I decided the entire Facebook discussion was driving the spirit away from me. So I backed down and ended all discussions on the topic on Facebook. I was not helping anyone by sharing my stubborn spirit with other people. In fact, I was probably feeding the adversary's plan. It makes me want to cry to even admit that.
But the truth is, I am right to an extent. My homosexual friends and family members are indeed children of God and God loves them. They deserve all happiness. They deserve to be embraced and loved and fulfilled in life. But having marriage with someone of the same sex, as much as it may seem to be the answer, will not in fact bring them the happiness they crave. I wish it were that simple. I wish they could just find a spouse and get married and live happily ever after.
But that is a fairy tale that doesn't exist. Even for a straight person! Marriage was not the happily ever after fairy tale ending for me, and I don't know anyone who would say they had one either when they were married. It wouldn't be that way for a homosexual either.
I then read this article which helped me see the issue a little clearer from a non-religious perspective.
The entire thing breaks my heart. Because I truly love these people and I know they are good. I understand where they are coming from and why they are fighting so hard for the things they want in their lives. But I honestly feel now that what they are fighting for so hard, while they believe it will bring them happiness, will in fact bring sadness...even at a catastrophic level.

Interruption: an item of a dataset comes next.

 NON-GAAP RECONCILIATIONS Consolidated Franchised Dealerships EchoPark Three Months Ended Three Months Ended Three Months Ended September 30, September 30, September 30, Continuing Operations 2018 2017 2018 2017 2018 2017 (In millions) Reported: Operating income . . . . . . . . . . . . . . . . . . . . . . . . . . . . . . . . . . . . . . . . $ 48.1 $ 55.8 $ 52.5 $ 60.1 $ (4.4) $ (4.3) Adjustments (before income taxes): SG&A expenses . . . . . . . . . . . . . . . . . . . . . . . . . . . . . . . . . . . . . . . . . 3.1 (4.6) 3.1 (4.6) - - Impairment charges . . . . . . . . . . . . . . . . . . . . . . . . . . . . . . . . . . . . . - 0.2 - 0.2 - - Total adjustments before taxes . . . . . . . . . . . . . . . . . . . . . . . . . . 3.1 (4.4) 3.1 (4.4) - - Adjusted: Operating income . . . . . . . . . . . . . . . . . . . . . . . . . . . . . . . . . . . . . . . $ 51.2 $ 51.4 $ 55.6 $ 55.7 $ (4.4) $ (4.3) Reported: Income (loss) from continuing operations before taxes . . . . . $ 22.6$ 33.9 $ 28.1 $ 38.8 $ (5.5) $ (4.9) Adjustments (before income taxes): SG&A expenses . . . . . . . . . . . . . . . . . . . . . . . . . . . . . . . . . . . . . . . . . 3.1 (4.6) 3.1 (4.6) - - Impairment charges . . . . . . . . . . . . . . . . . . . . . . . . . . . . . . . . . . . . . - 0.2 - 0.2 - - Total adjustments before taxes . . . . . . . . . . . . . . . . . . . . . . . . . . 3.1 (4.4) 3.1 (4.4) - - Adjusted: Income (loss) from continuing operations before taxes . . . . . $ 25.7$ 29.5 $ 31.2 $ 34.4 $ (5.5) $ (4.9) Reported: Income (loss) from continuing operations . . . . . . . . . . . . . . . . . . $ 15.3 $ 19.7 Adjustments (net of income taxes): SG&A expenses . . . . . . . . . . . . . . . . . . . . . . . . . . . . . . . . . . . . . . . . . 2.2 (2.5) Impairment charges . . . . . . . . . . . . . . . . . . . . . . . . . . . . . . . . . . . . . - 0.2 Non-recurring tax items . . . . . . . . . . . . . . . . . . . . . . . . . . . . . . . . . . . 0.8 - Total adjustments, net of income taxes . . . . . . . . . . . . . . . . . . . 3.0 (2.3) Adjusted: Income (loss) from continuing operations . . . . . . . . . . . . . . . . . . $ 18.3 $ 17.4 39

I was being stubborn. I didn't yield to the spirit. Now that I have, it feels a lot better. I'm more at home in my heart. I will continue to support and love homosexuals. Because they deserve finding every happiness in their lives. But sometimes God's plan for that happiness is different then ours. Sometimes following His will is harder then we can even imagine, because it goes against what we think is the best way. But He sees all. HE knows all. All we have to do is trust in that and stop being stubborn. Choose humility. Choose gentleness. Choose to be patient. Sue for peace.